--- Task inputs Enclosed Below ---
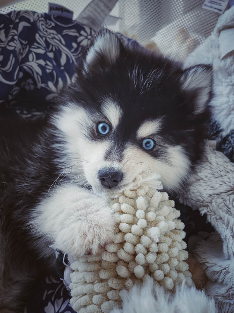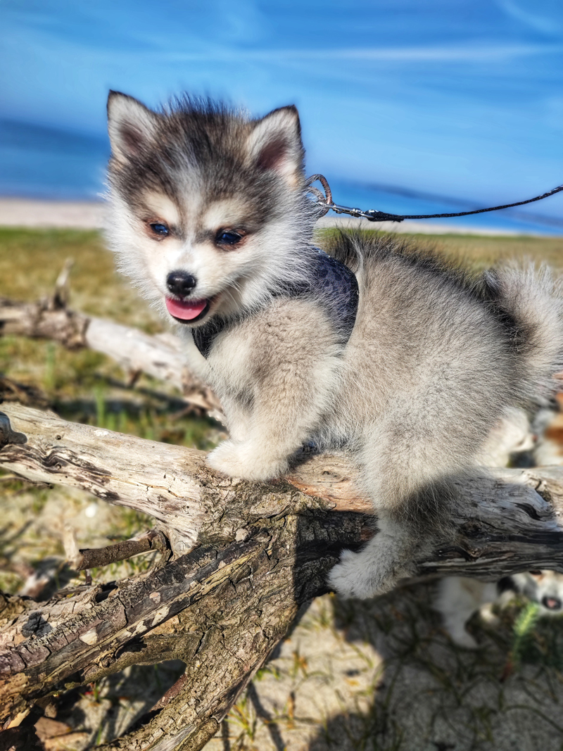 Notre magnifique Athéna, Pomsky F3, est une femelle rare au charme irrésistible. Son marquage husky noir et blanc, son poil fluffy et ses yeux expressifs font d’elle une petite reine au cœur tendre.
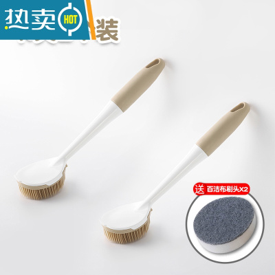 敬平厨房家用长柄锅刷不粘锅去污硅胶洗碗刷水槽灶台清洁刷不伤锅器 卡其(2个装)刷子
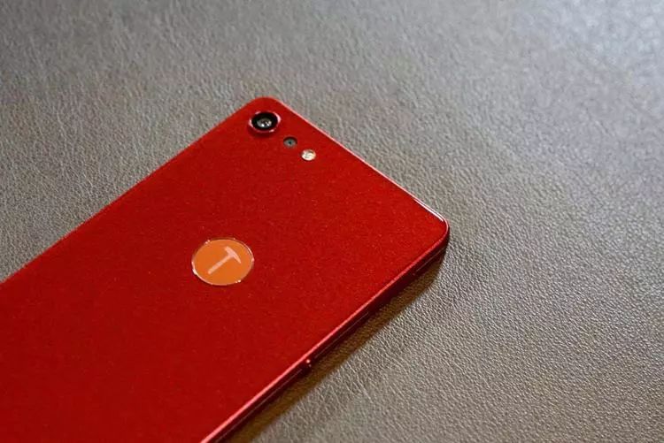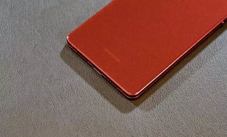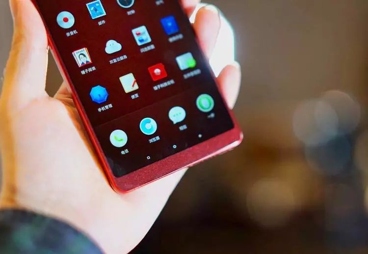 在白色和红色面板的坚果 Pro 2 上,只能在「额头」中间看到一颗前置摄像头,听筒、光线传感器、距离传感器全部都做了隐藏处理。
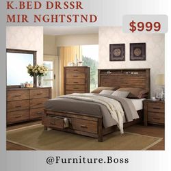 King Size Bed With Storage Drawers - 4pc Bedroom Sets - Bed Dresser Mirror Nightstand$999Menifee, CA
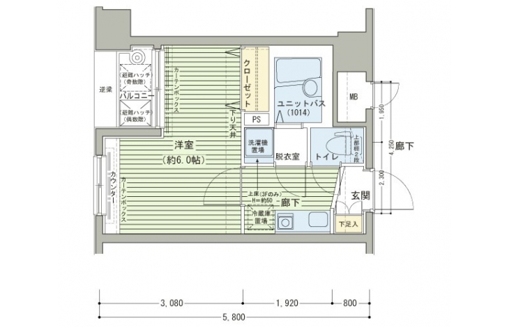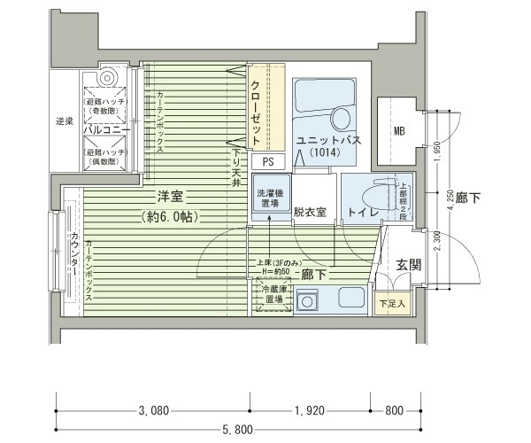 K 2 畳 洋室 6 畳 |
--- End of Enclosed Task inputs ---
Goal of the exercise:
What is needed is an exact copy of all the records, minus any pictures.

Completed exercise:
 Notre magnifique Athéna, Pomsky F3, est une femelle rare au charme irrésistible. Son marquage husky noir et blanc, son poil fluffy et ses yeux expressifs font d’elle une petite reine au cœur tendre.
 敬平厨房家用长柄锅刷不粘锅去污硅胶洗碗刷水槽灶台清洁刷不伤锅器 卡其(2个装)刷子
 在白色和红色面板的坚果 Pro 2 上,只能在「额头」中间看到一颗前置摄像头,听筒、光线传感器、距离传感器全部都做了隐藏处理。
 King Size Bed With Storage Drawers - 4pc Bedroom Sets - Bed Dresser Mirror Nightstand$999Menifee, CA
 K 2 畳 洋室 6 畳 |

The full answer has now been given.